When I wrote by Best-of-2011 list, my Aussie mate, Gummie mentioned that she hoped I’d have a Best Australian category in my Best of 2012 list. It seemed to be a very reasonable request. This led me to Tirra Lirra by the River by Jessica Anderson,  a book I saw mentioned on Gummie’s blog. Why did I pick this Australian book over many others I have on my shelf?  No easy answer to that one. Perhaps the selection was due partly to my annoyance at finding Anderson’s name mis-spelt as Andersen on several book sites. Whatever motivated me, I read the book and I am predicting that this one will make my Best-of-2012 list. In fact I can’t imagine reading an Australian book that surpasses this one.

At just a slim, yet dense, 141 pages, author Jessica Anderson distills down the life of one woman, Nora Porteous, into its most salient moments. Nora, now an elderly woman, returns home to Australia after an absence of many decades spent in England. Her childhood home, although empty, is essentially the same, but the neighbours–the faces from the past–are gone. As a young woman, Nora couldn’t wait to escape her home, and although she’s had her share of difficulties, she never wanted to return. After the horrors of a stifling marriage, she chose independence over security, but now at the end of her life, circumstances have brought her back to Australia, back to her now-empty childhood home and to the bitter-sweet memories which form the narrative of her life.
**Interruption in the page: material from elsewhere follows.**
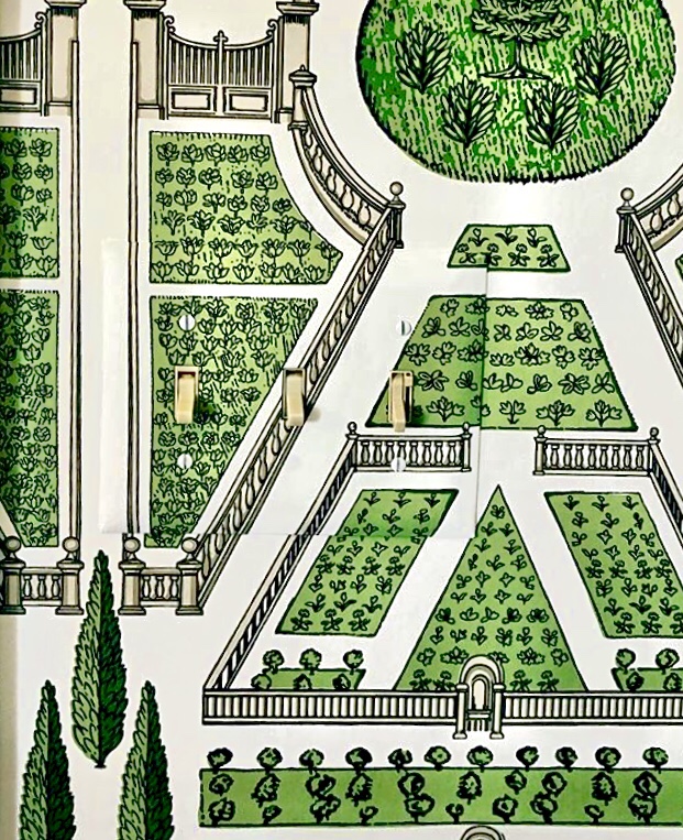 As travelers, this garden landscape was a reminder of places they had visited and as their designer, I felt the geometry and color made this foyer into a proper introduction to their home.

The novel begins with Nora’s arrival:

I arrive at the house wearing a suit-greyish, it doesn’t matter. It is wool because even in these sub-tropical places spring afternoons can be cold. I am wearing a plain felt hat with a brim, and my bi-focal spectacles with the chain attached. I am not wearing the gloves Fred gave me because I have left them in the car, but I don’t know that yet.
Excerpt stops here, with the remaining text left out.